Analisi referendum. Giovanni Maria Zonzini

Analisi referendum. Giovanni Maria Zonzini

CHI VINCE, CHI PERDE

16/05/2016

Le urne si sono chiuse da poco più di ventiquattr’ore dalla chiusura dei seggi, quando, a partire dai Social, si sono levate alte le prima grida di trionfo degli opposti schieramento, tanto che pare che il vincitore non debba essere il campione delle urne, ma la fazione che riesce a cantar vittoria più forte, sopratutto per il quesito sull’abrogazione della variante di PRG della (ormai ex) zona parco di Rovereta; e la cittadinanza, di fronte all’usuale politichese post tornata elettorale, che ci presenta una schiera di vincitori senza neppure uno sconfitto, è comprensibile che si ritrovi sbigottita, se non schifata, da tanta poca chiarezza e onestà intellettuale, anche dell’informazione; è per questo che tenterò di fare un’analisi approfondita e ragionata dei dati e delle reazioni a caldo di alcuni movimenti e esponenti politici.

ANALISI STATISTICA

Il referendum che proponeva di porre un tetto di centomila euro annui a tutti i dipendenti pubblici è stato accolto dalla cittadinanza con la larga maggioranza del 63,63% contro uno sparuto 36,37%.

Lapidariamente, credo sia sufficiente evidenziare come l’inequivocabile vittoria dei sì sia manifesta e conclamata dai numeri, non meno del quesito che chiedeva di abolire il quorum, che s’è affermato con un largo 58,48% su un 42,42%.

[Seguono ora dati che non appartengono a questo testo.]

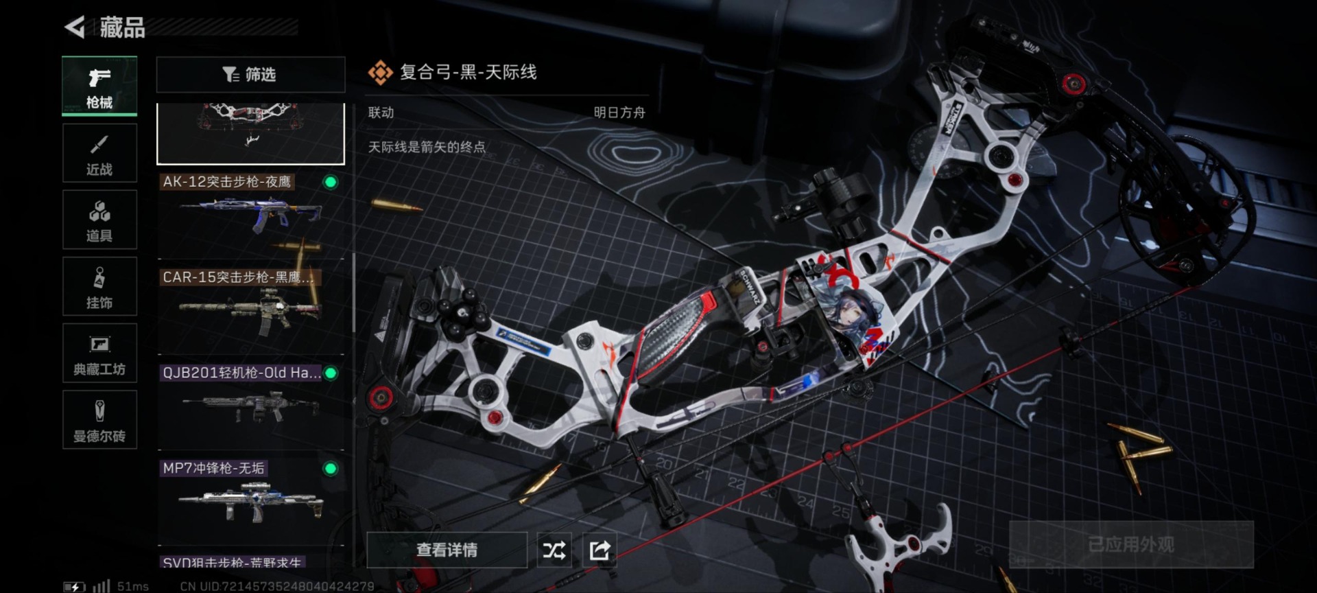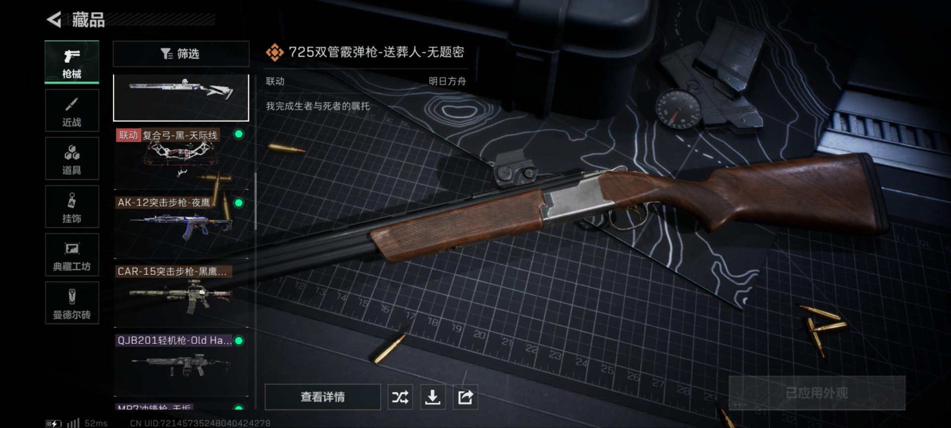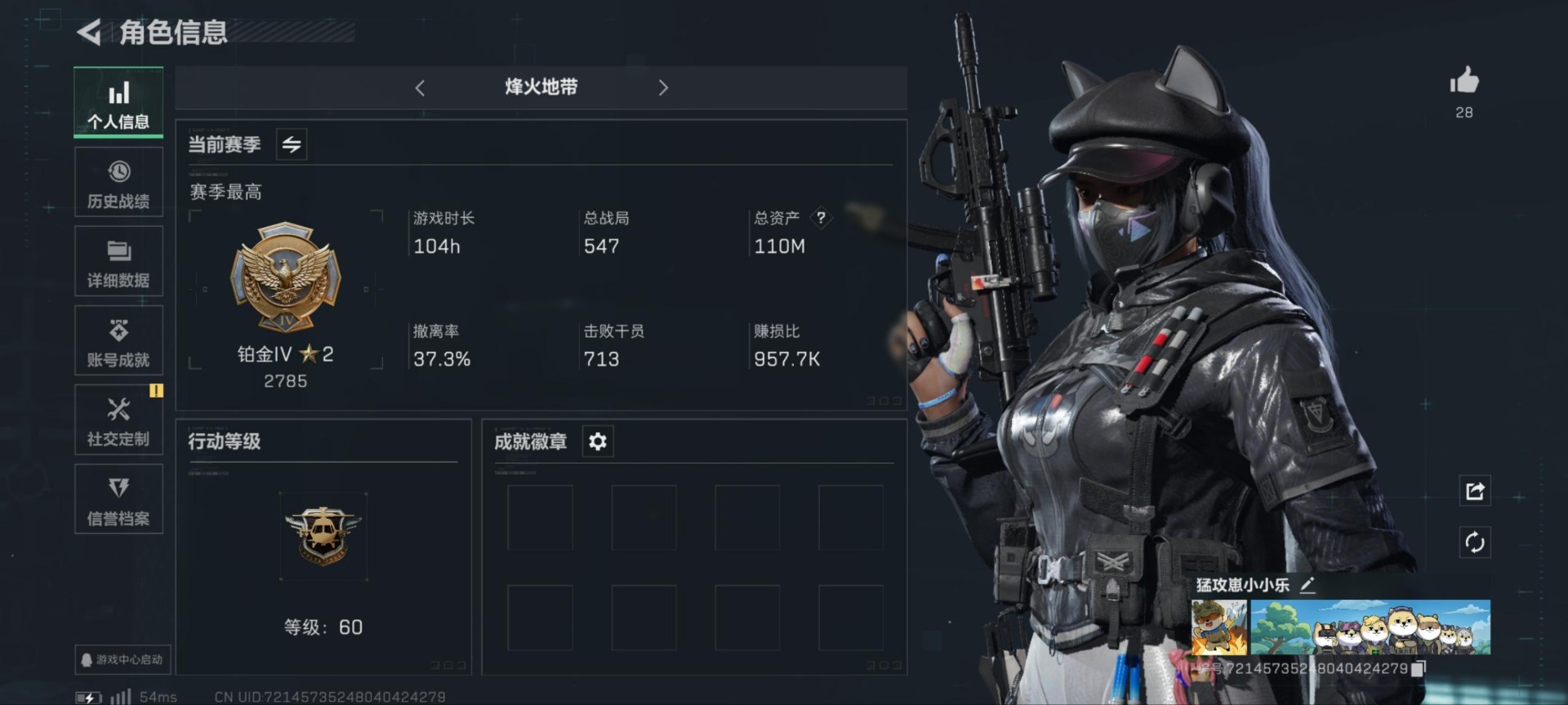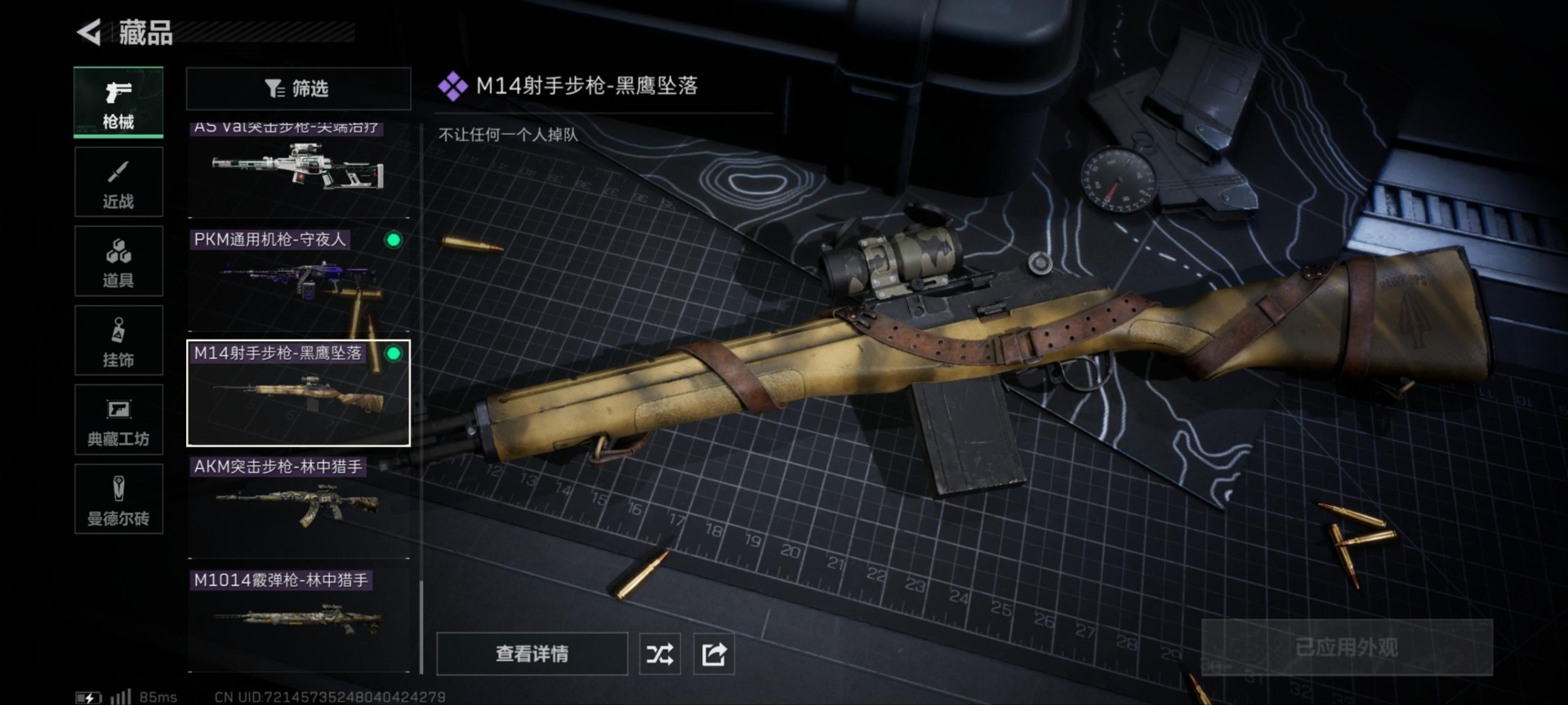 - [11679763]可二次 可修改实名 实名:可修改 顶级安全箱(9.17到期) 烽火地带段位:钻石 全面战场段位:无段位 总资产:186.1 哈夫币:3.402 传说武器皮肤:AK-12突击步枪-夜鹰,复合弓-黑-天际线,725双管霰弹枪-送葬人-无题密令 史诗武器皮肤:勇士冲锋枪-私人定制(典藏),SR-25射手步枪-尖端治疗,PKM通用机枪-荒野求生,AS Val突击步枪-尖端治疗,M700狙击步枪-守夜人,Ash-12战斗步枪-守夜人,SR-3M紧凑突击步枪-荒野求生,AKM突击步枪-林中猎手,M16A4突击步枪-竞赛选手,PKM通用机枪-守夜人,SVD狙击步枪-荒野求生,M1014霰弹枪-林中猎手,SV-98狙击步枪-林中猎手,PTR-32突击步枪-英雄,PSG-1射手步枪-无垢,M250通用机枪-囚徒,QBZ95-1突击步枪-曙光 干员外观:无名-夜鹰,露娜-黑·天际线

Risultato positivo anche per la riduzione da tre ad una delle preferenze esprimibili, nonché il ripristino di queste ultime per i cittadini residenti all’estero, che seppur con minore scarto (54,76 SÌ – 45,24% NO) e un superamento del quorum di soli 214 voti .

Assai più complessa l’analisi dei risultati della scheda gialla, ossia del quesito che chiedeva di abolire la variante di PRG dell’ormai ex-zona parco a Rovereta, meglio noto come Referendum sul polo della moda, respinto con un risultato del 49,65% per i SÌ e del 50,35% per i NO: un sostanziale pareggio che, però, permetterà la costruzione dell’outlet dei Borletti, andando contro la volontà del comitato promotore, di RETE e degli indipendenti Lazzari e Pedini, che risultano sconfitti su questo fronte, ma ne escono comunque a testa alta, dal momento che quella compagine, che nel 2012 aveva raccolto poco più di 1300 voti, è riuscita a portare dalla propria parte oltre 8000 cittadini. Deve essere naturalmente chiaro che gli ottomila sì non appartengono perlopiù al Movimento in questione, ma certamente ne evidenziano, sopratutto se messi in relazione con gli altri risultati, una forte capacità di comunicazione e penetrazione nell’opinione pubblica, tanto più contro un muro di NO pressoché corale da tutto il Congresso di Stato, dei partiti di opposizione (tranne C10 e UPR, che lasciavano libertà di voto) e di maggioranza, dei sindacati, delle associazioni di categoria (USC esclusa), della stampa, del comitato del NO e degli investitori che hanno fatto portare quasi in processione per tutto il Paese il plastico del progetto e organizzato un affollato comizio al Kursal.

In sintesi, sul polo della modo, RETE&Co perdono, ma ottengono, vista anche l’entità e le risorse a disposizione della campagna contraria, un risultato a dir poco straordinario, che rende la sconfitta più che dignitosa e onorevole.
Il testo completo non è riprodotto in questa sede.